MyCode 4

Samples go through a part of the genetic testing sequence at the Sigfried and Janet Weis Center for Research at Geisinger in Danville in this file photo.

Geisinger’s MyCode project, the health system's biobank of patient-approved blood and other samples, has surpassed the 250,000 mark hospital officials said in a statement Friday.

MyCode is the largest study of its kind in the world according to a release.
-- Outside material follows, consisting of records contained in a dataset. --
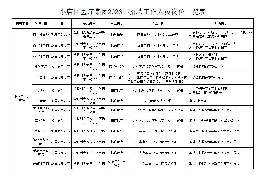 太原市小店區(qū)醫(yī)療集團2023年長期招聘工作人員13人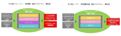 本プログラムは、次期マネージャー(管理職)養成プログラムと、次期リーダー(管理職候補)を対象に、知識の習得のみならず、取得した知識を実務に取り入れ、その結果、得られた気づきや学びをプログラムメンバー内で共有し、次のアクションに活かすまでを構成としています。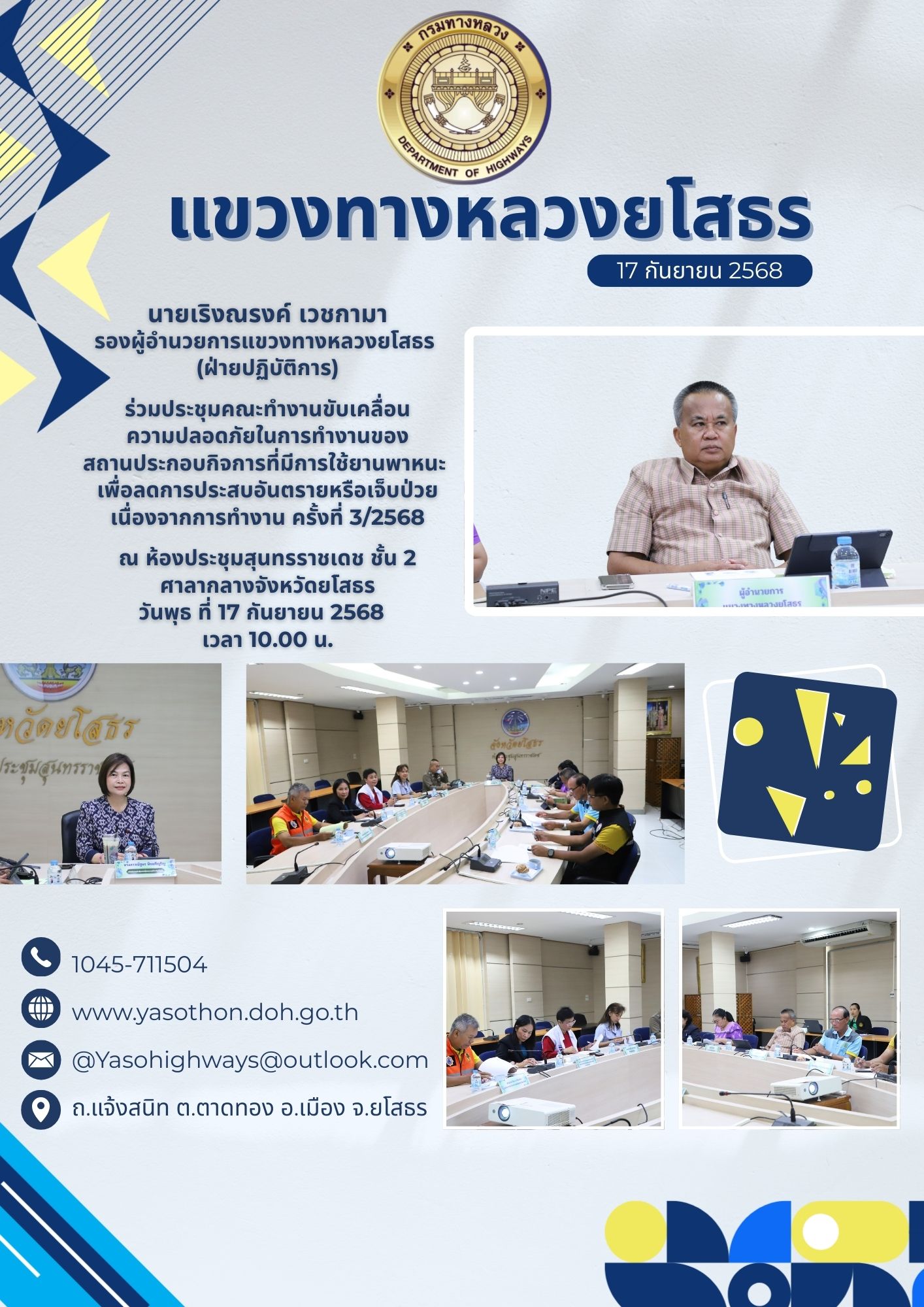 44 18/09/2568 ประชุมคณะทำงานขับเคลื่อนความปลอดภัย ในการทำงานของสถานประกอบกิจการที่มีการใช้ยานพาหนะ เพื่อลดการประสบอันตรายหรือเจ็บป่วยเนื่องจากการทำงาน ครั้งที่ 3/2568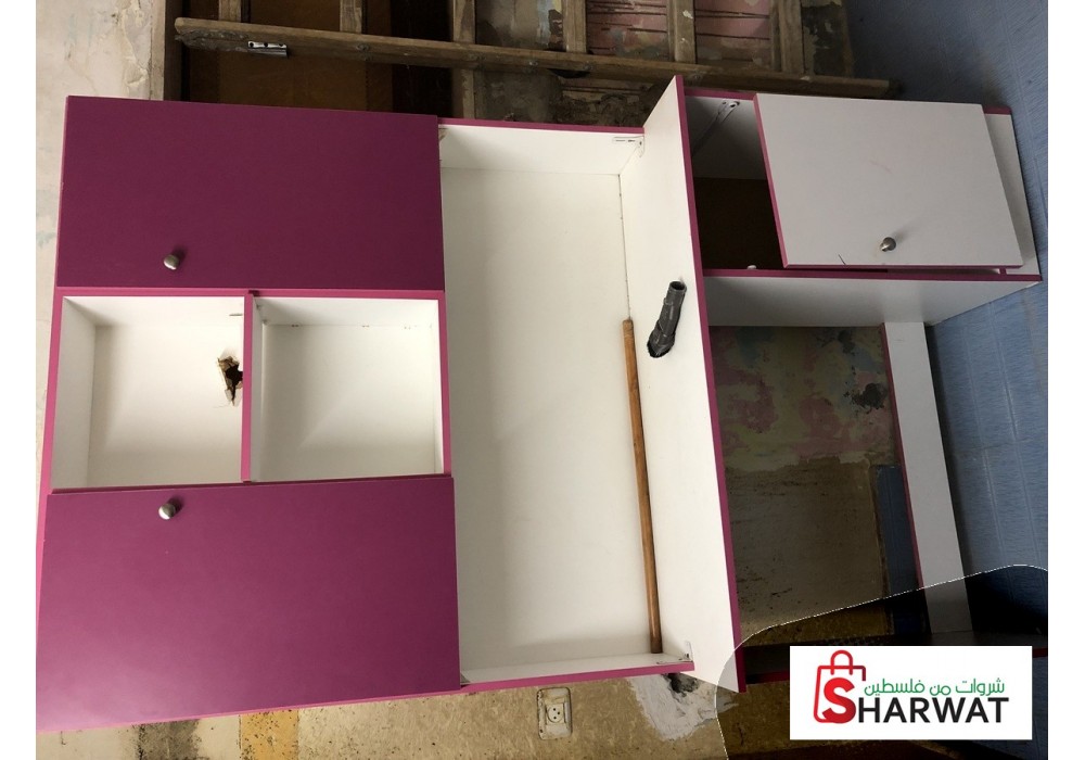 غرفة أطفال مكونة من تختين خزانة ملابس مكتبة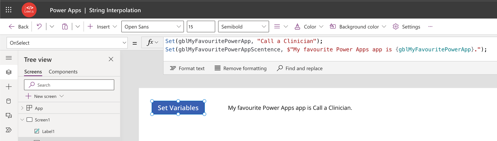 Set(gblMyFavouritePowerAppScentence, $"My favourite Power Apps app is {gblMyFavouritePowerApp}.");Now I have a text label on the screen next to my button which has the gblMyFavouritePowerAppScentence global variable in its Text property.

Additionally, the program has returned "medically actionable results" to nearly 1,500 people who are at increased risk for potentially life-threatening conditions, like hereditary breast and colon cancers, familial hypercholesterolemia, and heart disease.

“Geisinger has reached a major milestone in precision health,” said Dr. David H. Ledbetter, executive vice president and chief scientific officer for Geisinger and one of the principal investigators of the MyCode study. “This number of enrolled participants speaks to the trust that our community has in Geisinger’s expertise and the ability we have through this project to make precision health accessible to all of our patients.”

According to Geisinger, MyCode analyzes DNA samples to look for genes known to increase the risk of developing 35 specific health conditions. These include the BRCA1 and BRCA2 genes known to increase risk for breast and ovarian cancer; as well as genes for familial hypercholesterolemia, which can cause early heart attacks and strokes; Lynch syndrome, which can cause early colon, uterine and other cancers; and several heart conditions, including cardiomyopathy and arrythmia.